One of the sectors greatly affected by the coronavirus pandemic is education.
To make sure that learning remains unhampered as the country battles the pandemic, the Department of Education (DepEd) will be implementing a distance learning approach when classes start on August 24. (READ: How other countries are reopening schools during coronavirus pandemic)
The decision to open schools in the middle of the health crisis was met with criticisms. (READ: No student left behind? During pandemic, education ‘only for those who can afford’)
Parents and students had criticized the DepEd's decision, as the finances of households have been affected by quarantine policies. Some questioned the soundness of the policy as some households don't even have access to the internet or a computer. (READ: No student left behind? During pandemic, education ‘only for those who can afford’)

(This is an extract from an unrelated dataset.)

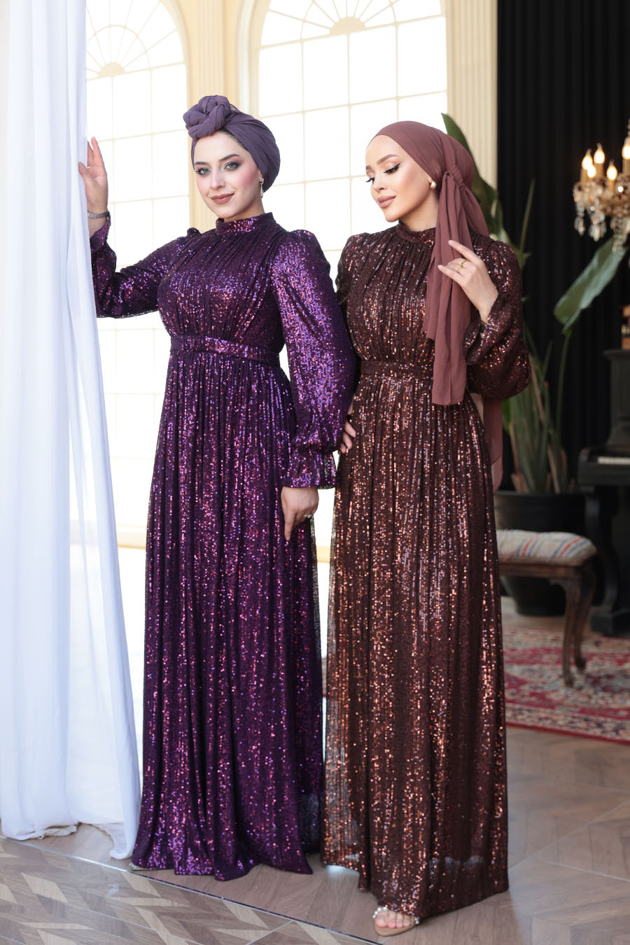 Modest Brown Evening Gown With Long Sleeve 44961KH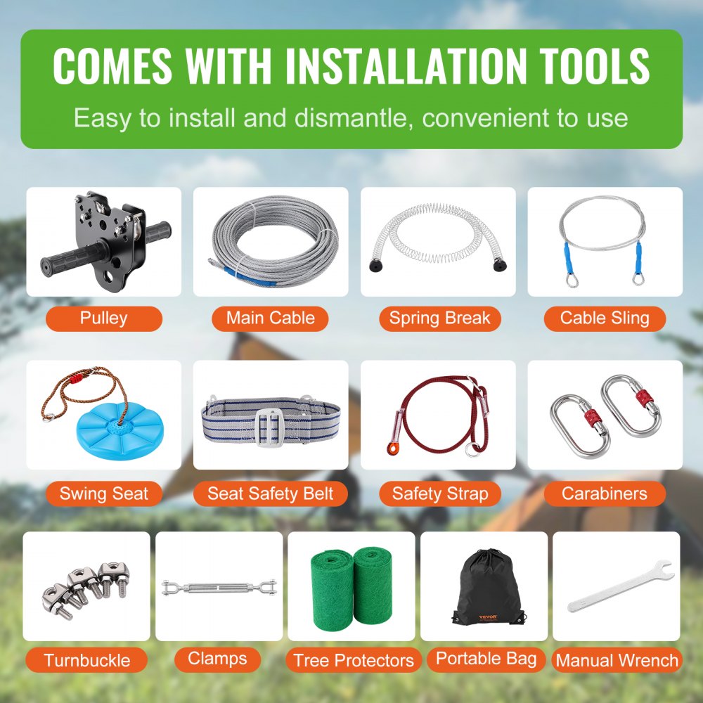 Configuración rápida: las herramientas incluidas, como una llave, facilitan la instalación y el desmontaje de la tirolesa, lo que hace que el proceso sea sencillo. El funcionamiento es sencillo y permite a los padres realizar actividades con sus hijos, fomentando sus capacidades físicas y creando momentos perfectos entre padres e hijos.

Meanwhile, the DepEd maintained that lack of access to technology should not be a problem as schools will be providing printed modules for students. (READ: No need to buy gadgets, printed materials will be given – DepEd)

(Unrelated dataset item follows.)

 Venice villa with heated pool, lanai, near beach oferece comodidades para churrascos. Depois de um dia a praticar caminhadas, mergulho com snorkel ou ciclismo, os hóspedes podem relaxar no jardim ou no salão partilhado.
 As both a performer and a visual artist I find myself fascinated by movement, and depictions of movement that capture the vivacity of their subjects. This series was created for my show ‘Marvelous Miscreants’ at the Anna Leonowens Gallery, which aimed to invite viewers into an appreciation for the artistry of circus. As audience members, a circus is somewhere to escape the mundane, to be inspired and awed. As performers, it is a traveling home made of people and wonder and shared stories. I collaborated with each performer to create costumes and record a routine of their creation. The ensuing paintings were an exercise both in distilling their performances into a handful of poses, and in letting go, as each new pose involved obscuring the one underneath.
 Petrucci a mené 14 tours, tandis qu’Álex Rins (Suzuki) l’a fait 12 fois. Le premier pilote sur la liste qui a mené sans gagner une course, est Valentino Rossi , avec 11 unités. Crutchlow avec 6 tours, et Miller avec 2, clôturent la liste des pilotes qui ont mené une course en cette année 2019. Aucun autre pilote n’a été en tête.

Undersecretary Annalyn Sevilla said that DepEd is asking help from local government units to hand out surveys in their areas.
During a press briefing on May 28, DepEd Undersecretary Nepomuceno Malaluan said that a decline in enrollment was "for certain" as some parents might be unable to facilitate learning at home. (READ: Decline in enrollees: Parents cite finances, doubts about distance learning)

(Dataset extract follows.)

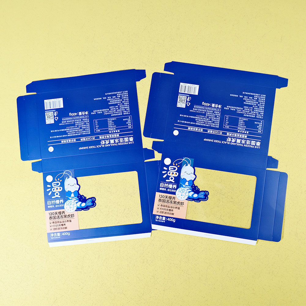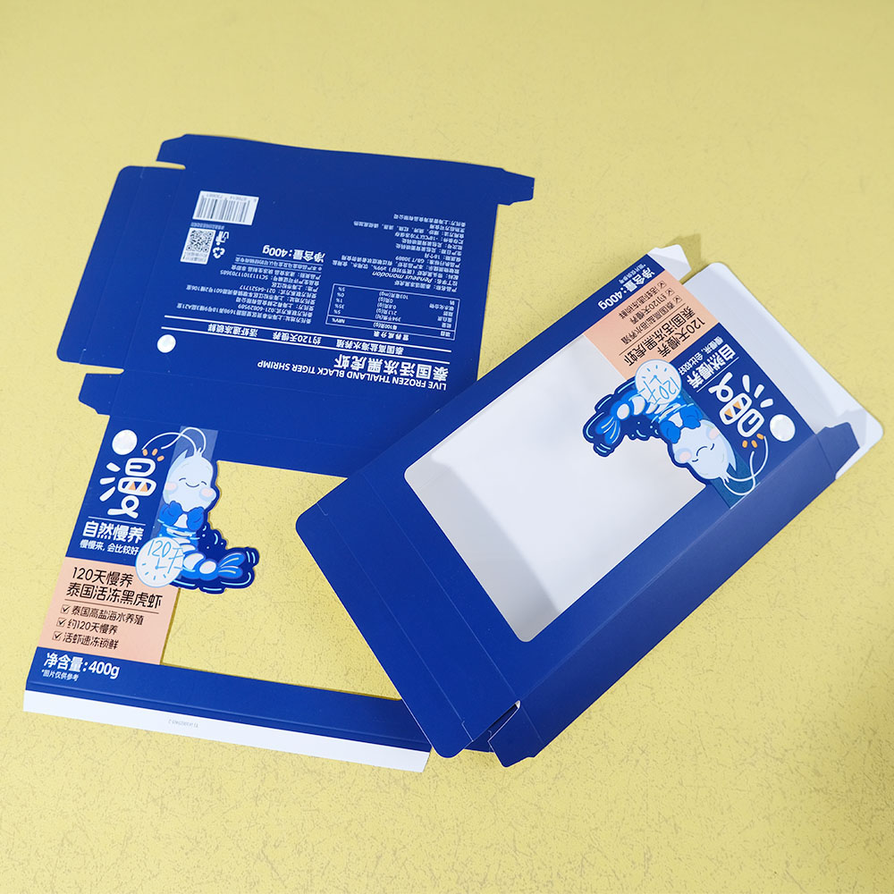 Box Printing Custom Foldable Frozen Food Shrimp White Cardboard Paper Tuck Packaging Box with Plastic Window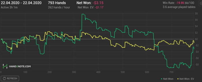 Я играл очень и очень мало. Но я повторюсь в связи с карантином, я решил что-то поменять, что-то возобновить и сейчас я здесь с вами: кайфую играя, общаюсь, рассказываю об игре, учусь вместе с вами и просто живу в этом новом небольшом мирочке покера!

As preparations for this year's school opening are underway, Rappler takes a look at the distance learning approach of the education department and defines the terms being floated.
Distance learning. This is a learning delivery mode where interaction takes place between the teacher and the students who are geographically remote from each other during instruction. This means lessons will be delivered outside the traditional face-to-face setup.
During a virtual presentation on Saturday, May 30, Malaluan said that distance learning will be delivered to students “in the comfort and safety of their homes.”
Malauan listed 3 methods that will be used for distance learning.
For students who don't have access to gadgets and the internet, printed modules will be delivered to them or picked up by their parents at designated areas within agreed schedules.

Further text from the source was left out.